◇記念日 | ナノ



二匹のわんこ

目の前に長太郎が二人いる。

「…どういうことだ?」

一人は、慌てて今にも泣き出しそうな長太郎。
一人は、無表情で落ち着いた様子の長太郎。
少し雰囲気が違うようだが、あり得ないことに長太郎が二人、目の前に存在している。

「うわ〜ん、宍戸さぁん!」
「おはようございます、宍戸さん」

「おまえら…ちょ、長太郎か!?」
「そうです、俺ですぅ!」
「もちろん俺ですよ」

同じ声で重なる返事。
ますます頭が混乱してくる。

「なな、何でこんなことになってんだ?二人いるように見えんだけど」
「分かりません。朝起きたらこうなっていましてね。まるで分裂したようなんですが…」
「…どうしよう、宍戸さぁん…」

泣きだしそうな長太郎が潤んだ瞳で俺を見つめてすがりつく。
もう一人は落ち着いているのが救いだが、これは参ったな。
分裂。そうと知らなければ、まるで双子だった。外見は似ているが、二人の長太郎は180度雰囲気が違っている。
しかしどちらも長太郎というのなら、俺は一体どっちとダブルス練習すりゃいいんだ?
途方に暮れていると、もう一人の落ち着き感のある長太郎もこちらへ近づいてきた。

「おまえは大丈夫か?」

確認すると、長太郎はゆっくり薄く微笑んだ。

「別に大丈夫ですよ。ふふ、今日も可愛いですね、宍戸さん」
「おい、こんな時にふざけるんじゃねぇよ」
「ふざけてなんかいませんよ?」

そう言って俺の輪郭がすっと指先でなぞられる。
耳もとに囁かれる低い声。

「…ねぇ、俺が二人もいて混乱してるの?…困ってる顔、可愛いです」

瞬間、ぞくっと背筋が震えた。

「おまっ」
「ふ、反応しすぎ」
「…!」

こ、こいつ怖えぇ…!
恐怖に総毛立っていると、泣いてた長太郎が、黒オーラ丸出しの長太郎から俺を引き離してぎゅっと抱き寄せた。

「ちょっと俺の宍戸さんに変なことしないでよ!」

全身で威嚇する長太郎(こっちは白オーラとでも呼ぶかな)。
それに対し、黒オーラ長太郎はあっさりとしたようで突っ掛かるような態度を示した。

「おまえこそ、さっきから俺の宍戸さんに犬みたいにじゃれついて何なんだよ。
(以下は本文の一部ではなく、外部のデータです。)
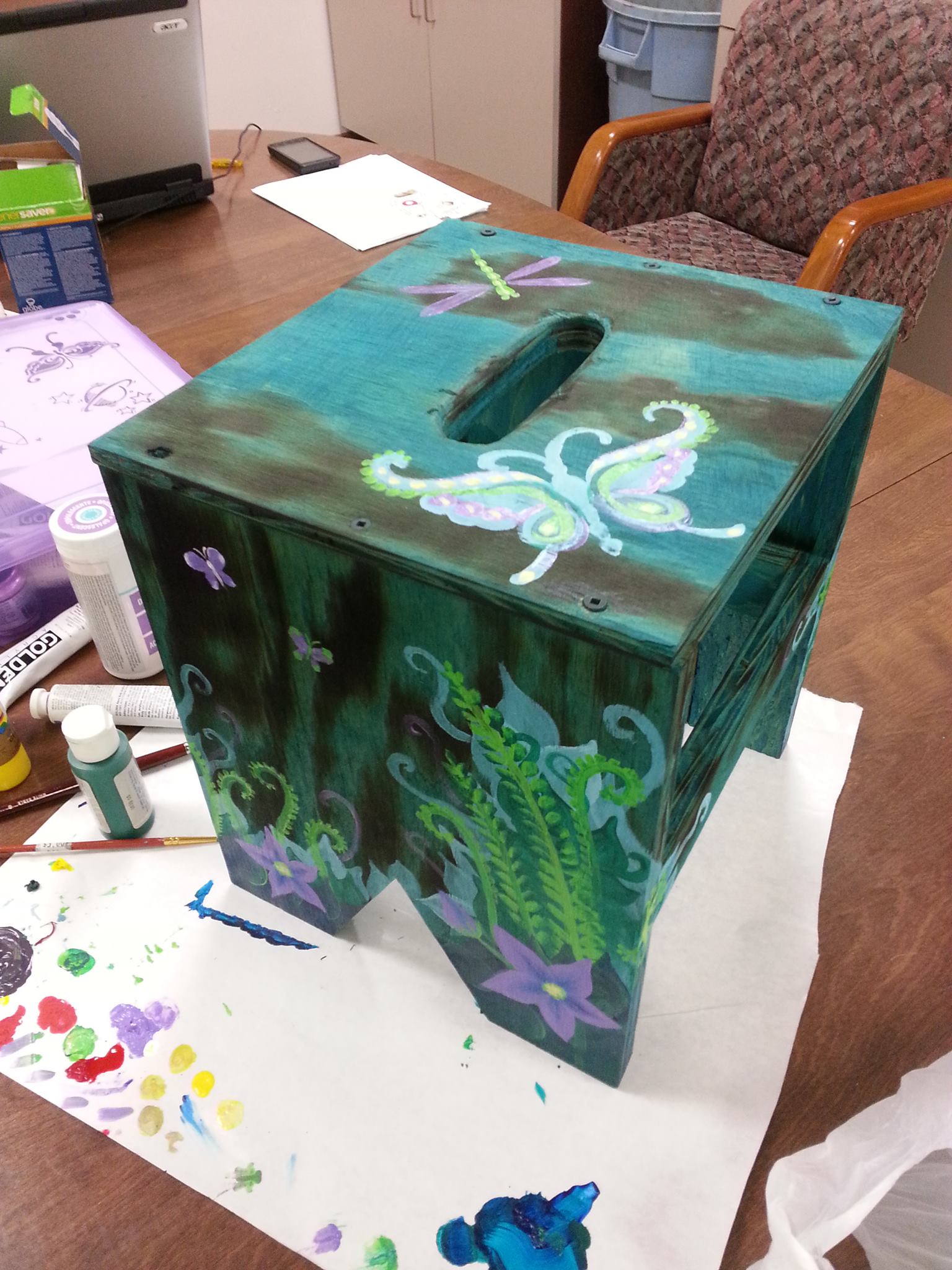 I’m a mixed media artist. I love to make things from stuff others would have thrown away. The wooden totes I am showing off at the Maker Faire this year were made from wood that ended up in the scrap bin at the Milwaukee Makerspace.

…あ、そうか、ペットのつもりか。あはは。目障りなんだけど」

何だ、こいつのドス黒い雰囲気は。
けどよ、確かに長太郎ってこういう一面も…あるんだよな…。
いつも犬っぽいくせに、急にオオカミじみた真似すんだよ。嫉妬したり興奮したりした時とかさ。
今は自分相手だからなのか、より容赦のないかんじがする。

「お、俺は宍戸さんの恋人だよ!」
「はぁ?俺のモノに手ェ出すなよ」
「そしたら宍戸さんに選んでもらおうよ。絶対、俺を選んでくれるから!」
「別にいいけど」
「はぁっ?ちょ、ちょっと待て。どうして俺が選ぶんだ!?」

黒長太郎は俺に顔を近づけて、紳士的に手を包んできた。

「宍戸さん。俺のこと選んでくれますよね?そうしたら、あとでいっぱい愛してあげますよ。場所はどこにします?部室はどう?あそこはすごいスリルありますよね、ヤってる時に誰か来るんじゃないかって。……宍戸さんも好きですもんね?興奮してるのよく分かりますし」

「なっ」

「俺が宍戸さんとエッチするんだから!……ねぇ宍戸さん、保健室行きましょう?あそこは清潔だし、ちゃんとベットもあるし。俺なら宍戸さんの身体も労りながら、慎重に、ゆっくり優しくイかせてあげる。じっくり愛撫されるの好きだもんね?ギリギリまで焦らしてあげるよ?」

「おまっ」

的確に俺の羞恥心にダメージを与える言葉にどもっていると、黒オーラ長太郎にぐいっと引っ張られた。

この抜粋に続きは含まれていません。